Carnegie Mellon University
Computing Services  ›  Information Security Office  ›  Training and Awareness  ›  Security 101  ›  Compliance Requirements satisfied by Security 101

The following Cybersecurity regulations, rules and contracts require at least the basic security training provided by Security 101.  Additional, topic-specific training may be required.

HEOA

The Higher Education Opportunity Act(HEOA) requires that students are made aware of federal copyright laws and the institutional policies and sanctions related to violations of copyright law.


GLBA

Gramm-Leach-Bliley Act (GLBA) is required through our Title IV Program Participation Agreement with the Department of Education to administer student financial aid.  This requirement applies to all users (staff and faculty) of S3 and PowerFAIDS.

“(e) Implement policies and procedures to ensure that personnel are able to enact your information security program by:

(1) Providing your personnel with security awareness training that is updated as necessary to reflect risks identified by the risk assessment;”


NSPM-33

National Security Presidential Memorandum 33 requires that all US Government supported research and development comply with research security standards (among other requirements).  This requirement applies to all individuals (faculty, students, and staff) who work on any research that is funded in whole or in part by the US government (including subcontracts).


“Provide regular cybersecurity awareness training for authorized users of information systems, including in recognizing and responding to social engineering threats and cyber breaches.” (section 6)


NIST 800-171/CMMC

National Institutes of Standards and Technology (NIST) Special Publication 800-171 (NIST SP800-171) describes controls that must be in place to protect Controlled Unclassified Information (CUI).  Cybersecurity Maturity Model Certification (CMMC) is a Department of Defense program that requires third-party certification of compliance with NIST SP800-171. Carnegie Mellon University is subject to CMMC and NIST SP 800-171 through contracts and subcontracts from the Department of Defense.  The specific training requirements (3.2.1, 3.2.2, 3.2.3) apply to all individuals (faculty, staff, students) who work on any Department of Defense contracts or subcontracts.


“3.2.1 Ensure that managers, systems administrators, and users of organizational systems are made aware of the security risks associated with their activities and of the applicable policies, standards, and procedures related to the security of those systems.

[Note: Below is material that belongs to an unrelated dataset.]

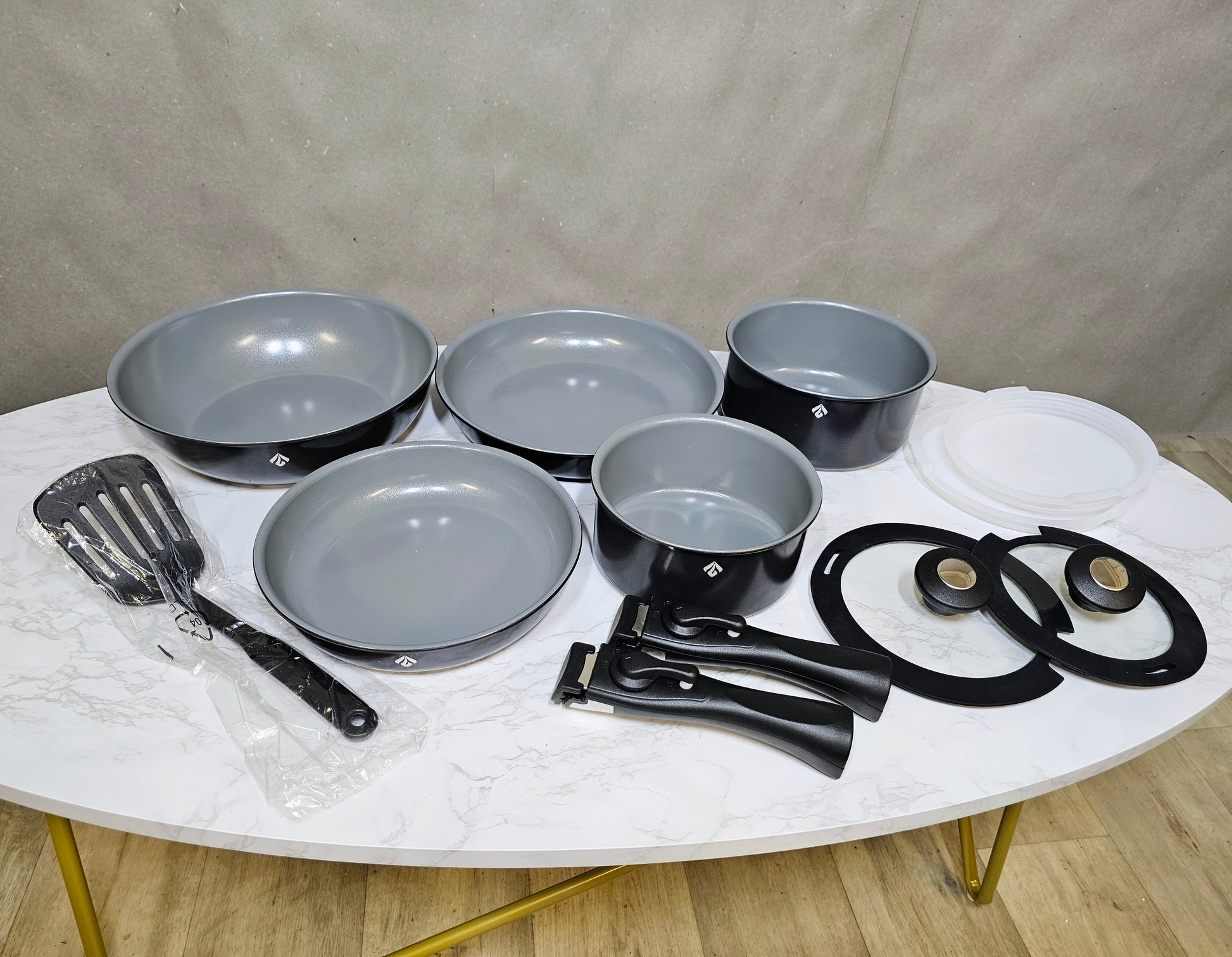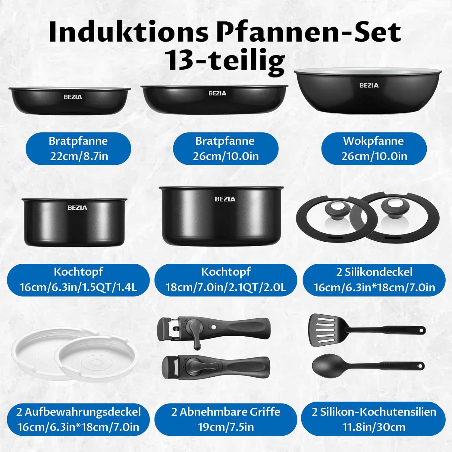2 keptuvės (didesnė ir mažesnė), gili troškinimo keptuvė, 2 puodai (didesnis ir mažesnis), 2 rankenos, 2 dangčiai, 2 laikymo šaldytuve dangteliai, mentelė
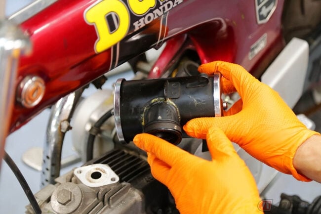 エアクリーナーの吸気吸入口はフレーム内に入れるので、キャブレター装着前に必ずエアクリーナーボックスを装着します。

3.2.2 Ensure that personnel are trained to carry out their assigned information security-related duties and responsibilities.

3.2.3 Provide security awareness training on recognizing and reporting potential indicators of insider threat.”

In addition to the explicit requirements for training (3.2.1, 3.2.2, 3.2.3), there is a requirement that all employees of a defense contractor (of which we are one) understand what CUI is and how to report it if seen outside of protected environments (3.1.3).  

“3.1.3 Control the flow of CUI in accordance with approved authorizations.”



Research Contracts/Data Use Agreements

Many contracts and data use agreements that researchers are subject to to get access to sponsored data require cybersecurity awareness training, which our Security 101 training course generally provides.  Any individual (faculty, staff, students) with access to such data are required to take cybersecurity awareness training.  This is very common language in contracts with private companies or involving sensitive data from public entities.


PCI-DSS

Payment Card Industry - Data Security Standards (must agree to the License Agreement for access to the PCI-DSS source documents) requires that all individuals involved with the handling of credit cards or that can affect the security of cardholder data receive training on how to properly meet their responsibilities under the PCI-DSS.

“12.6.1 A formal security awareness program is implemented to make all personnel aware of the entity’s information security policy and procedures, and their role in protecting the cardholder data.”

“12.6.3 Personnel receive security awareness training as follows: 

  • Upon hire and at least once every 12 months. 
  • Multiple methods of communication are used. 
  • Personnel acknowledge at least once every 12 months that they have read and understood the information security policy and procedures. “

Upcoming regulations that may also affect cybersecurity training requirements

The Department of Education has stated their intention to require that all Federal student aid information will be subject to NIST 800-171, which includes a training requirement as described above.